Carnelli is a parlor game of subsequent text continuation. It was created by Jan Carnell, a member of the Metropolitan Washington chapter of Mensa. This game has been popular at Mensa gatherings for years, and has turned up at science fiction conventions as well. It can be called a "title association" game, like "word association" only using titles, such as those of a book, play, movie, or song.

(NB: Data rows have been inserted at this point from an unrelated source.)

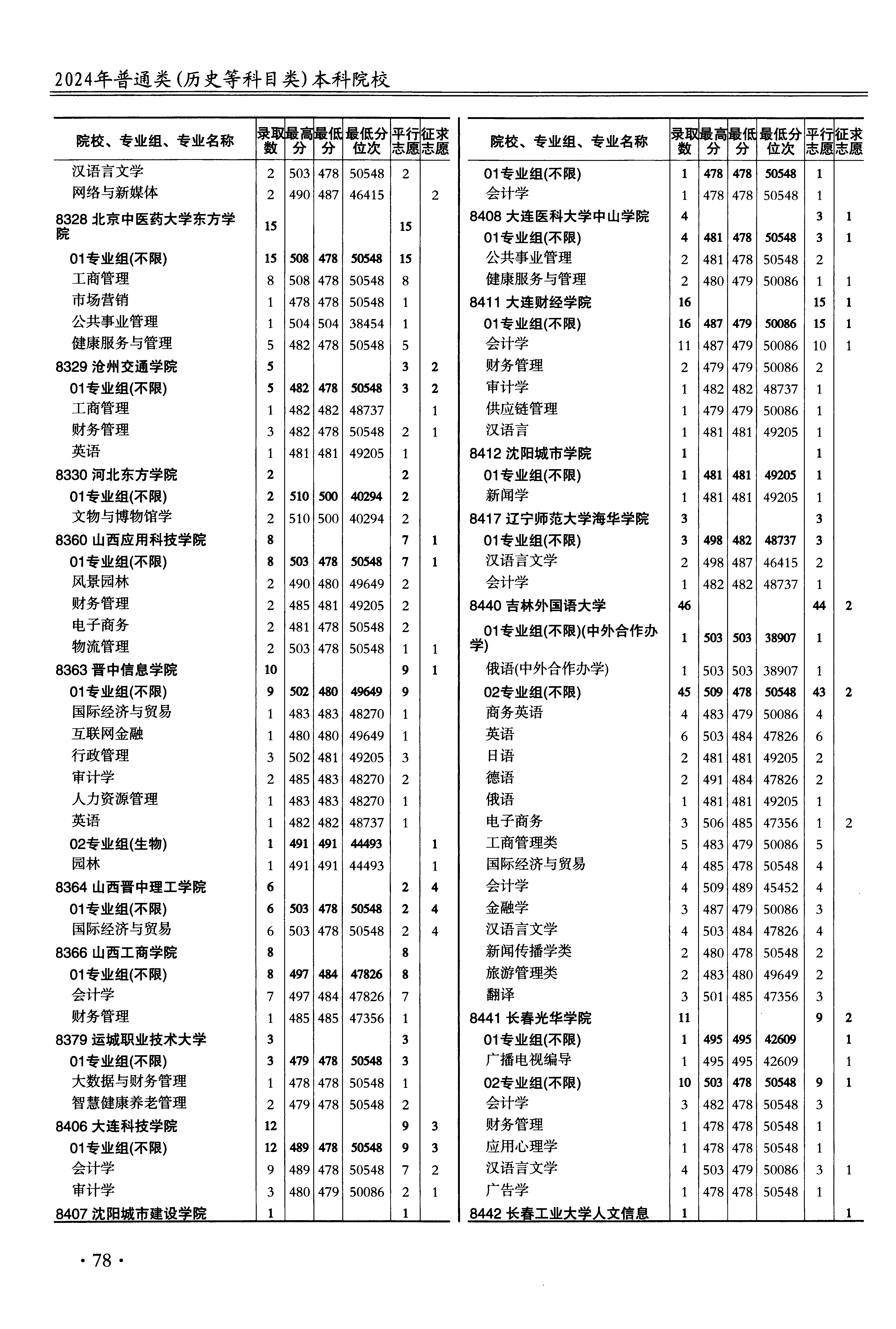 | 院校代码 | 院校名称 | 专业代码 | 专业名称 | 最低分数 | 最低位次 | 专业层次 | 限考科目 | 投档 |
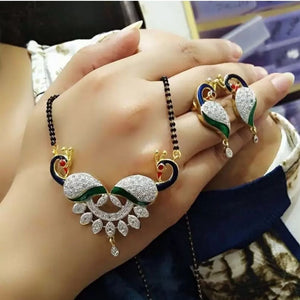 - Pendant: A beautifully designed peacock pendant that sits elegantly at the center of the mangalsutra
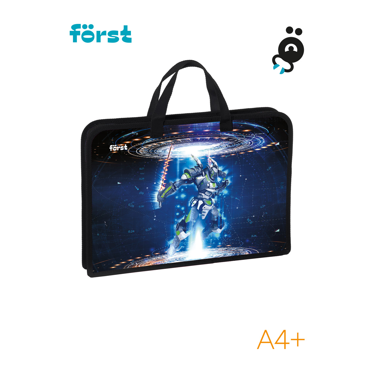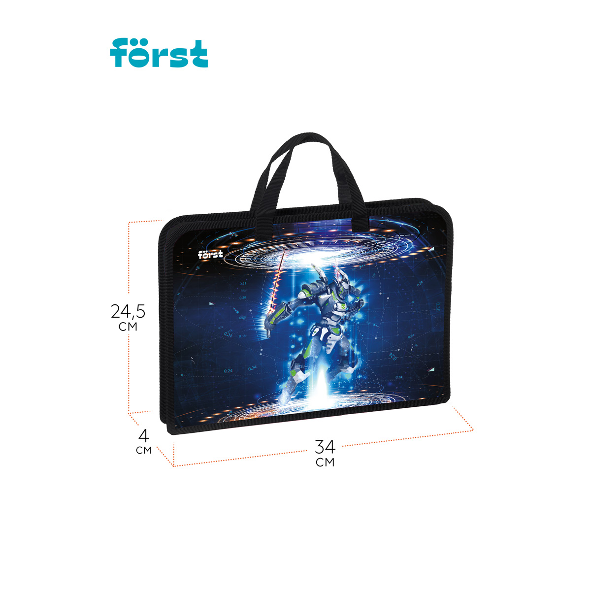 Школьная папка Först серии Neo future с одним отделением помогает поддерживать аккуратный внешний вид тетрадей, альбомов и учебных пособий. Формат изделия — А4 (340*245*40 мм). Папка изготовлена из качественного пластика, который защищает содержимое от влаги, грязи и замятия. Края укреплены тканевой окантовкой. Застёжка-молния расположена по верхнему краю изделия. Ручки сделаны из тесьмы, поэтому отличаются прочностью и не порвутся в неподходящий момент. Дизайн папки с роботом из будущего понравится мальчику. <br/>• Формат: А4;<br/>• Ширина: 40 мм;<br/>• Материал: пластик;<br/>• Количество отделений: 1;<br/>• Вид ручек: тесьма;<br/>• Тип застёжки: молния.
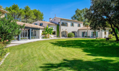 Just a short drive from the renowned market town of L'Isle-sur-la-Sorgue, this extraordinary estate lies amidst 36 acres of landscaped grounds and manicured woodland, offering an exceptional blend of Provençal charm and modern luxury. The property has been the subject of a masterful renovation of the highest calibre, where authentic materials meet sleek contemporary finishes to create an interior of remarkable refinement and comfort. Inside and out, the property exudes elegance and an inviting sense of grandeur - a Provençal retreat of rare distinction. Spanning approximately 600 m², the property comprises a grand bastide, an independent pigeonnier guest house, a caretaker's apartment, garage and carport, as well as a stone farmhouse offering untapped potential. The bastide features sun-drenched, superbly proportioned interiors designed with both style and comfort in mind. Traditional elements - exposed beams, natural stone accents, and wrought ironwork - blend seamlessly with the highest quality materials and finishes. Upon entering through the antique door, a large foyer leads to the kitchen on one side and the living spaces on the other. The custom-designed kitchen combines outstanding craftsmanship, including a bespoke Murano glass chandelier, with high-end Miele appliances. It flows through to a dining area framed by floor-to-ceiling windows overlooking the grounds, creating a stunning backdrop for meals and gatherings. On the opposite side, the spacious sitting room, centred around a handsome stone fireplace, offers an inviting space for entertaining, with an adjoining home cinema. The ground floor also accommodates the principal suite - a large double bedroom with walk-in dressing room and a lovely ensuite bathroom fitted with a bathtub and walk-in large shower. A second lavish suite is located on this floor, with adjoining dressing room and bathroom. A magnificent stone spiral staircase, worthy of a château, leads up to the first floor. The first floor comprises: double bedroom suite with generous dressing room and ensuite bathroom featuring walk-in shower, double vanity, and gorgeous fittings; family suite includes two bedrooms, a shared dressing area, and an ensuite bathroom. Completing the bastide are an office, gym with adjoining shower room, wine cellar, and laundry room. A self-contained apartment provides comfortable accommodation for staff, family, or guests. With its own living area, equipped kitchen, bedroom, bathroom, and private parking, it ensures independence without compromising style. The sense of grandeur is immediate - tall iron gates open onto a superb driveway lined with perfectly sculpted cypress trees. The 36-acre grounds have been landscaped with great care and diligence, dotted with mature oaks, olive and almond trees, and vast expanses of lawn. The grounds offer a peaceful setting for outdoor living. A 13 m x 6 m swimming pool is surrounded by a vast terrace in Sinai stone, complete with a vast adjoining shaded summer living area with a fully equipped kitchen and barbecue. The pigeonnier guest house provides two independent bedrooms with a shared bathroom, ideal for guests. The property also includes a 130 m² six-car garage and a large carport providing additional covered parking. A 176 m² independent stone bergerie remains to be renovated, offering exciting potential as a guesthouse, artist's studio, or wellness retreat. The renovation has been carried out to the highest standard. Amenities include: underfloor heating and cooling; air-conditioning for additional comfort; electric shutters; Schüco aluminium joinery; home automation system; thermodynamic hot water heating; mains water with softener; canal water for irrigation; high-tech security system; and a regulation-compliant septic tank. An estate of rare scale and refinement, this property embodies the very best of modern Provençal living: architectural grace, luxurious materials and impeccable finishes, al

It is played by a group of people who arrange themselves in a circle, with the nonplaying judge (or "Carnelli Master") standing in the center of the circle. The Carnelli Master starts the game by pointing to one of the players and saying a title. The pointed-to player must continue the game by saying a title himself, which must connect to the previous title in some way, such as having a word in common (The Time Machine and Time Enough for Love), having a common creator (an author as with Hamlet and Macbeth or producer or director), or other linkages of a similar nature — different groups of Carnelli players can vary in exactly what kinds of links are permissible. A notable regional variation is that in some gatherings, such as Chicago Area Mensa, a common actor is usually not an acceptable linkage; a link must be by the creator of the work, setting this game apart from many other association games and making it more challenging. A common rule is to allow pun linkages as long as they draw sufficient groans from the other people present — the link from Tequila Sunrise to To Kill a Mockingbird (pronounced "Tequila Mockingbird" for effect) is a popular one. The links The Night of the Iguana to "Iguana Hold Your Hand" and The Trojan Women to Condominium have also been done. A player followed "Jonathan Livingston Seagull" with "The Turn of the Screw," and it took several seconds of silence before other players voiced the groan that indicated that they had realized that "Turn" is a homophone of "tern," a seabird.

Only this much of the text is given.